- **About this exercise**
Your job here is to restate every record exactly, pictures excluded.

##### Data listing #####

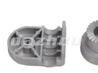
名称: 固定座F(下座) NO:GDZ003
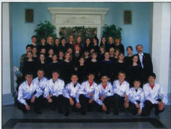
SHKOLNYE GODY (Simferopol - Ucraina)
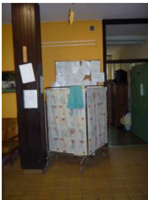
8. számú kép: Faliújság a paraván takarásában
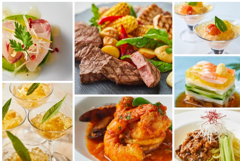
『安心オーダーブッフェ 夏のグルメフィエスタ』イメージ

グランドニッコー東京ベイ 舞浜(所在地:千葉県浦安市、総支配人:藤本 千之)では、オールデイダイニング「ル・ジャルダン」にて、グリル料理や夏野菜・フルーツをふんだんに使用したメニューを楽しめる『安心オーダーブッフェ 夏のグルメフィエスタ』を、2021年7月10日(土)から8月29日(日)の土・日・祝日に開催いたします。
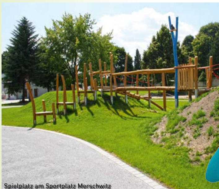
Spielplatz am Sportplatz Merschwitz
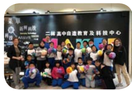
科技運用创客教育～二林高中自造教育中心雷雕紙藝課程
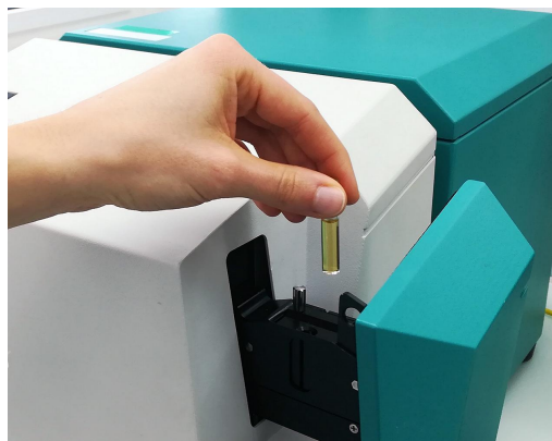
Abbildung 1. XDS RapidLiquid Analyzer und einer Isocyanatprobe, die sich in einem 8 mm Einwegfläschchen befindet.

Isocyanatproben wurden mit einem XDS RapidLiquid Analyzer im Transmissionsmodus über den gesamten Wellenlängenbereich (400-2500 nm) gemessen. Eine reproduzierbare Spektrenaufnahme wurde durch die eingebaute Temperaturkontrolle (bei 30 °C) des XDS RapidLiquid Analyzers erreicht. Zur Vereinfachung wurden Einweggefäße mit einer Schichtdicke von 8 mm verwendet, was die Reinigung der Probengefäße überflüssig machte. Das Metrohm-Softwarepaket Vision Air Complete wurde für die gesamte Datenerfassung und die Entwicklung von Vorhersagemodellen verwendet.

#####

- **Solution**
名称: 固定座F(下座) NO:GDZ003
SHKOLNYE GODY (Simferopol - Ucraina)
8. számú kép: Faliújság a paraván takarásában
『安心オーダーブッフェ 夏のグルメフィエスタ』イメージ

グランドニッコー東京ベイ 舞浜(所在地:千葉県浦安市、総支配人:藤本 千之)では、オールデイダイニング「ル・ジャルダン」にて、グリル料理や夏野菜・フルーツをふんだんに使用したメニューを楽しめる『安心オーダーブッフェ 夏のグルメフィエスタ』を、2021年7月10日(土)から8月29日(日)の土・日・祝日に開催いたします。
Spielplatz am Sportplatz Merschwitz
科技運用创客教育～二林高中自造教育中心雷雕紙藝課程
Abbildung 1. XDS RapidLiquid Analyzer und einer Isocyanatprobe, die sich in einem 8 mm Einwegfläschchen befindet.

Isocyanatproben wurden mit einem XDS RapidLiquid Analyzer im Transmissionsmodus über den gesamten Wellenlängenbereich (400-2500 nm) gemessen. Eine reproduzierbare Spektrenaufnahme wurde durch die eingebaute Temperaturkontrolle (bei 30 °C) des XDS RapidLiquid Analyzers erreicht. Zur Vereinfachung wurden Einweggefäße mit einer Schichtdicke von 8 mm verwendet, was die Reinigung der Probengefäße überflüssig machte. Das Metrohm-Softwarepaket Vision Air Complete wurde für die gesamte Datenerfassung und die Entwicklung von Vorhersagemodellen verwendet.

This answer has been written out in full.